The English solicitor and antiquarian William Sandys is responsible for the popularity of the carol, having included it in his publication Christmas Carols Ancient and Modern (London, Richard Beckley, 1833), a collection of carols that Sandys had gathered and also apparently improvised. An early version of the carol can be found in an anonymous manuscript dating from the 1650s. It contains a slightly different version of the first line from that found in later texts, namely "Sit yo^{w} merry gentlemen" (also transcribed "Sit you merry gentlemen" and "Sit yo^{u} merry gentlemen").

The earliest known printed edition of the carol is in a broadsheet dated to c. 1760. A precisely datable reference to the carol is found in the November 1764 edition of the Monthly Review.
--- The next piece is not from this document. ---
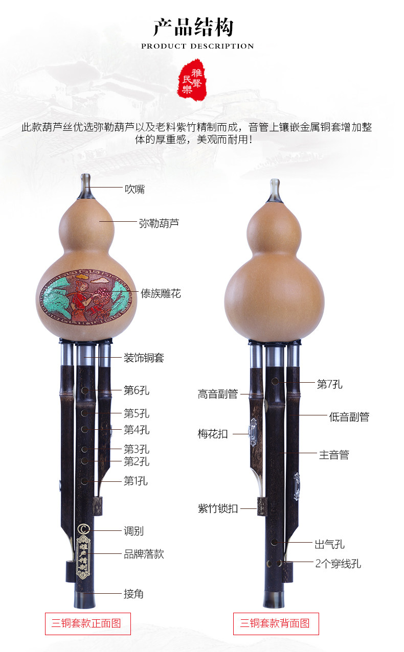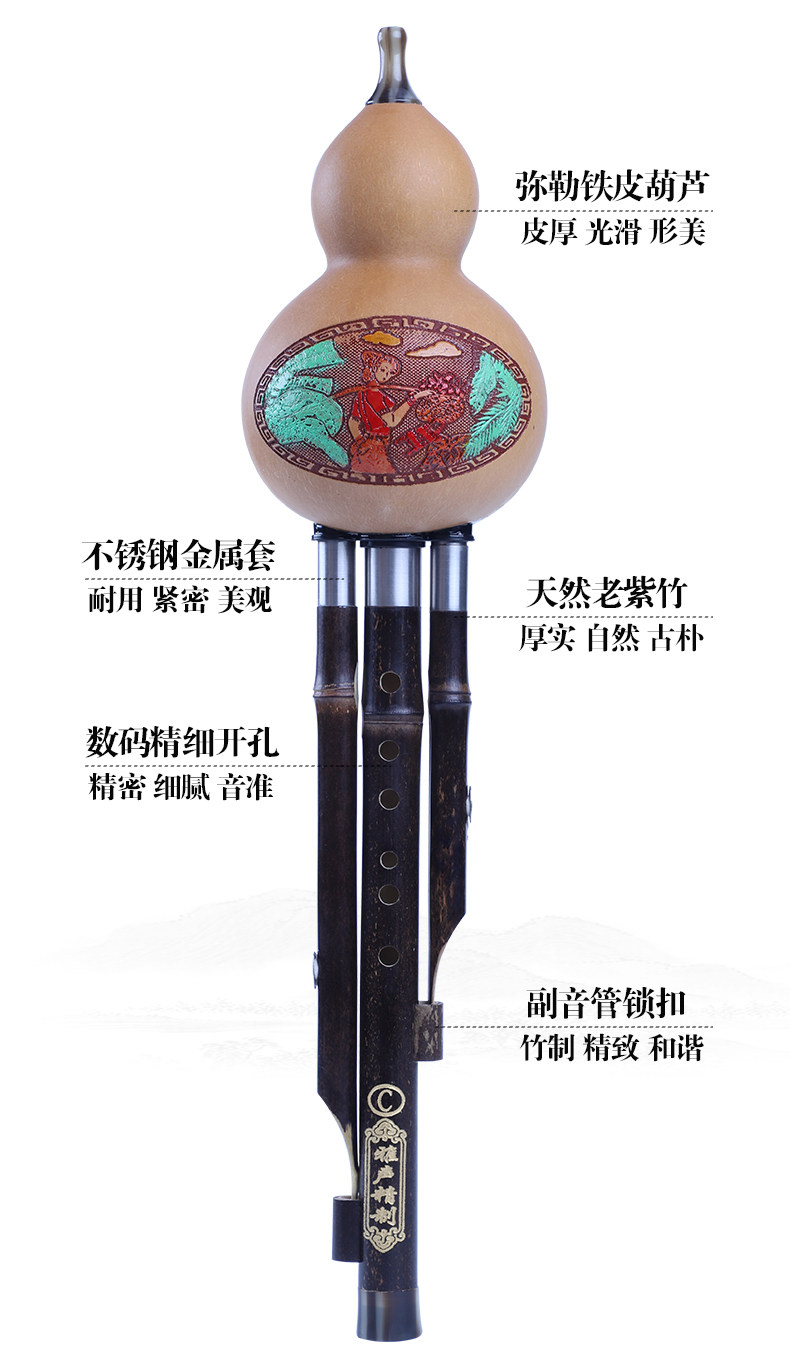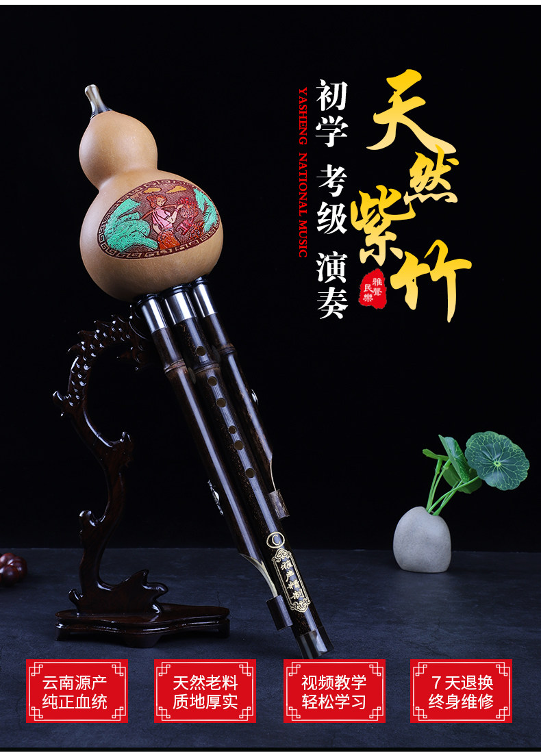 Yunnan Professional Performance Natural тыква Три звучит три звука фиолетового бамбука, падение роли взрослой начальной и средней школы c

Some sources claim that the carol dates as far back as the 16th century and there is a surviving MS version from the 1650s. Others date it later, to the 18th or early 19th centuries.

Although there is a second tune known as "Cornish", in print by 1833, and referred to as "the usual version" in the 1928 Oxford Book of Carols this version is seldom heard today. The better-known traditional English melody is in the minor mode; the earliest printed edition of the melody appears to be in a rondo arrangement for fortepiano by Samuel Wesley, which was already reviewed in 1815. Soon after, it appeared in a parody published in 1820 by William Hone. It had been associated with the carol since at least the mid-18th century, when it was recorded by James Nares in a hand-written manuscript under the title "The old Christmas Carol". Hone's version of the tune differs from the present melody in the third line. The full current melody was published by Chappell in 1855.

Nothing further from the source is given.